Required action: Your answer should be only the lines below from the one with "Our Butterfly Gauze" to the one with "Donkerblauwe, gebreide trui", repeated exactly, ends included.

Data section:
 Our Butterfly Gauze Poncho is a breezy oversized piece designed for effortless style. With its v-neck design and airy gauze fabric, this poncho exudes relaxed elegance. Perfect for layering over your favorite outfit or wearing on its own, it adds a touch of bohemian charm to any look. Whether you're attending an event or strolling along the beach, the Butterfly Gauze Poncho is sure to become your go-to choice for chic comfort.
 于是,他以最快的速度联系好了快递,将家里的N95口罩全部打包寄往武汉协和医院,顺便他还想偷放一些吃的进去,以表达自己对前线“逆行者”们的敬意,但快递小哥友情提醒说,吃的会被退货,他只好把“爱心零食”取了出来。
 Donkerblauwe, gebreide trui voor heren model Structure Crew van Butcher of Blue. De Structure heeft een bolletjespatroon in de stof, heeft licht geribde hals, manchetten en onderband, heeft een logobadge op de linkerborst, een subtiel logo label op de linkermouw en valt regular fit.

--

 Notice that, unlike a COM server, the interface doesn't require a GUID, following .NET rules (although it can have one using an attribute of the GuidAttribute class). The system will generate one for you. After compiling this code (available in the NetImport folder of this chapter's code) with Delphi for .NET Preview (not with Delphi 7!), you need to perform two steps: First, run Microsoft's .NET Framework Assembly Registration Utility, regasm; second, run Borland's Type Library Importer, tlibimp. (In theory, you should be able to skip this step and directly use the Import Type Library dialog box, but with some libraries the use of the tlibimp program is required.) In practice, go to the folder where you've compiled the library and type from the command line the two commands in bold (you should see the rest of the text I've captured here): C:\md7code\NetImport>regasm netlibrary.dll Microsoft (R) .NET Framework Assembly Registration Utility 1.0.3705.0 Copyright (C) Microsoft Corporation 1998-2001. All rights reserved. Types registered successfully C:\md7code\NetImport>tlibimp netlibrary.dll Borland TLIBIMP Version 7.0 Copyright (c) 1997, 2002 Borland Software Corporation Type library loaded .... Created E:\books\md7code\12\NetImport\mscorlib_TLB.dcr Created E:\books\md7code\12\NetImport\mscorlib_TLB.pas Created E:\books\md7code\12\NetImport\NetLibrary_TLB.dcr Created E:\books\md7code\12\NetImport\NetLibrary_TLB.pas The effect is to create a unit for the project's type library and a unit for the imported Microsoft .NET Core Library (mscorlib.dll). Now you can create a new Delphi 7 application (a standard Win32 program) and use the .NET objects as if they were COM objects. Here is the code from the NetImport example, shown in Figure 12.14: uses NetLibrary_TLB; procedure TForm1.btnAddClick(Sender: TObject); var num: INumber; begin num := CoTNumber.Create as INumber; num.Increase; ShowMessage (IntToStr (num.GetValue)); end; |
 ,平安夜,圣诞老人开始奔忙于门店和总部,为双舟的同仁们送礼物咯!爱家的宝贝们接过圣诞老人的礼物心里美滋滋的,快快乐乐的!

---

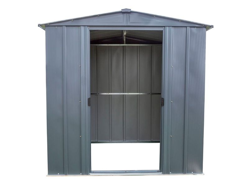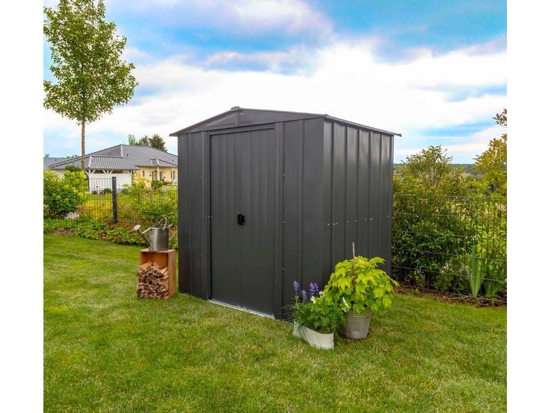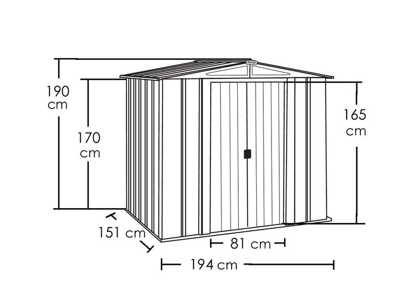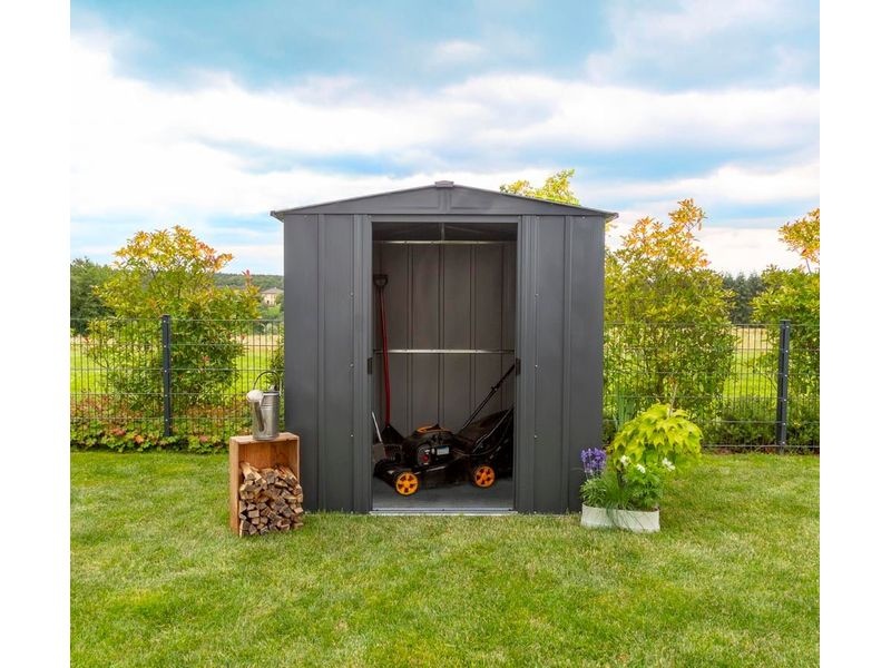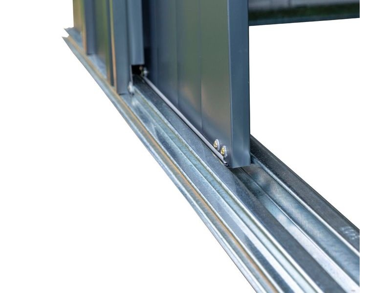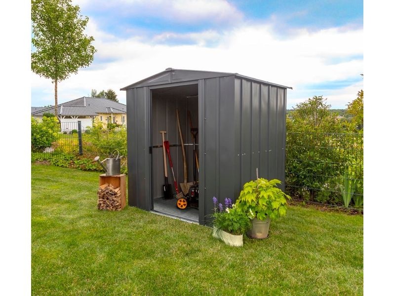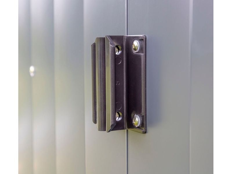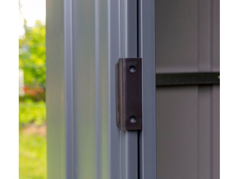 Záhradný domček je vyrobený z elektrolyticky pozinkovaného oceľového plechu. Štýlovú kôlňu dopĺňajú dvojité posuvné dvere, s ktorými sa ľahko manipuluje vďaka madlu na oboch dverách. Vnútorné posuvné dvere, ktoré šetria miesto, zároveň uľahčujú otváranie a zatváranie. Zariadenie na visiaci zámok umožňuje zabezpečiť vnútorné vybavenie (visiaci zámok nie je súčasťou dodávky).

Reply to the task:
 Our Butterfly Gauze Poncho is a breezy oversized piece designed for effortless style. With its v-neck design and airy gauze fabric, this poncho exudes relaxed elegance. Perfect for layering over your favorite outfit or wearing on its own, it adds a touch of bohemian charm to any look. Whether you're attending an event or strolling along the beach, the Butterfly Gauze Poncho is sure to become your go-to choice for chic comfort.
 于是,他以最快的速度联系好了快递,将家里的N95口罩全部打包寄往武汉协和医院,顺便他还想偷放一些吃的进去,以表达自己对前线“逆行者”们的敬意,但快递小哥友情提醒说,吃的会被退货,他只好把“爱心零食”取了出来。
 Donkerblauwe, gebreide trui voor heren model Structure Crew van Butcher of Blue. De Structure heeft een bolletjespatroon in de stof, heeft licht geribde hals, manchetten en onderband, heeft een logobadge op de linkerborst, een subtiel logo label op de linkermouw en valt regular fit.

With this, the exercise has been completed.